1. An apparatus comprising: a substrate; and a dielectric film coupled with the substrate, the dielectric film comprising ZrO2 and HfO2 wherein the ratio of Zr to Hf in the dielectric film is about 5 to 10 atoms of Zr for every 1 atom of Hf to reduce ToxE or reduce Jox, or combinations thereof, of the dielectric film.

2. An apparatus according to claim 1 wherein the dielectric film is deposited using atomic layer deposition (ALD), physical vapor deposition (PVD), chemical vapor deposition (CVD), sputtering, or any suitable combination thereof.

3. An apparatus according to claim 1 wherein the dielectric film is deposited by atomic layer deposition (ALD) using 6 cycles of ZrO2 deposition for every 1 cycle of HfO2 deposition until a desired thickness is achieved.

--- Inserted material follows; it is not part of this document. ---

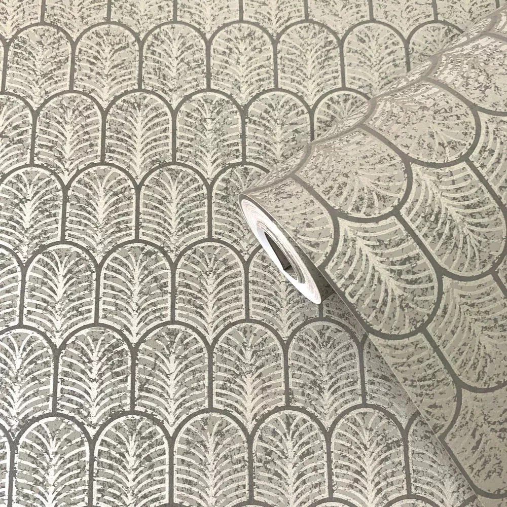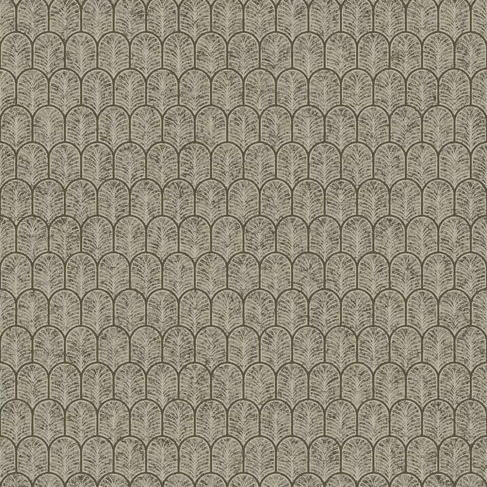 Elegáns pálmalevél ihletésű art deco tapéta , geometrikus mintával meleg szürke-bronz színben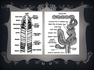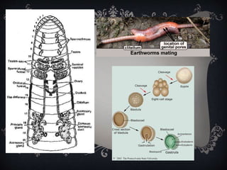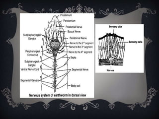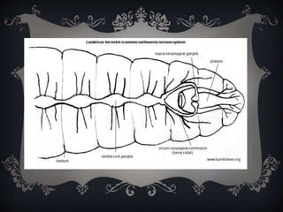 The document discusses the phylum Annelida. It covers their introduction, unique characters, general characters, morphology and anatomy, classification, harmful effects, and benefits. Annelida are segmented worms with a coelom, metameric segmentation, and cephalization. They exhibit homonomous metamerism and have three main body regions. Their anatomy includes systems like integumentary, digestive, circulatory, excretory, nervous, and reproductive. They are classified into classes like Polychaeta, Hirudinea, and Oligochaeta.

4. An apparatus according to claim 1 wherein the substrate comprises a first electrode coupled with the dielectric film, the apparatus further comprising: a second electrode coupled with the dielectric film wherein the first electrode, the dielectric film, and the second electrode are part of a metal-insulator-metal (MIM) capacitor for a memory device wherein the dielectric film allows for a smaller capacitor area needed to store charge.

5. An apparatus according to claim 1 wherein the substrate comprises a semiconductor coupled with the dielectric film, the apparatus further comprising: an electrically conductive film coupled with the dielectric film wherein the semiconductor, the dielectric film, and the electrically conductive film are part of a metal-oxide-semiconductor (MOS) transistor for a logic device wherein the dielectric film is a gate dielectric that provides for reduced gate leakage, improved channel control, higher drive currents, or physical gate length scaling, or suitable combinations thereof.

6. An apparatus according to claim 1 wherein the ratio is about 6 atoms of Zr for every 1 atom of Hf in the dielectric film.

7. An apparatus according to claim 1 wherein the dielectric film is used in a capacitor or transistor of memory or logic applications, or suitable combinations thereof.

8. A method comprising: preparing a substrate for deposition of a dielectric film; and depositing a dielectric film comprising a ZrO2 and HfO2 wherein the ratio of Zr to Hf in the dielectric film is about 5 to 10 atoms of Zr for every 1 atom of Hf to reduce ToxE or reduce Jox, or combinations thereof, of the dielectric film.

9. A method according to claim 8 wherein depositing a dielectric film is accomplished using atomic layer deposition (ALD), physical vapor deposition (PVD), chemical vapor deposition (CVD), sputtering, or any suitable combination thereof.

10. A method according to claim 8 wherein depositing a dielectric film is accomplished using atomic layer deposition (ALD) using 6 cycles of ZrO2 deposition for every 1 cycle of HfO2 deposition until a desired thickness is achieved.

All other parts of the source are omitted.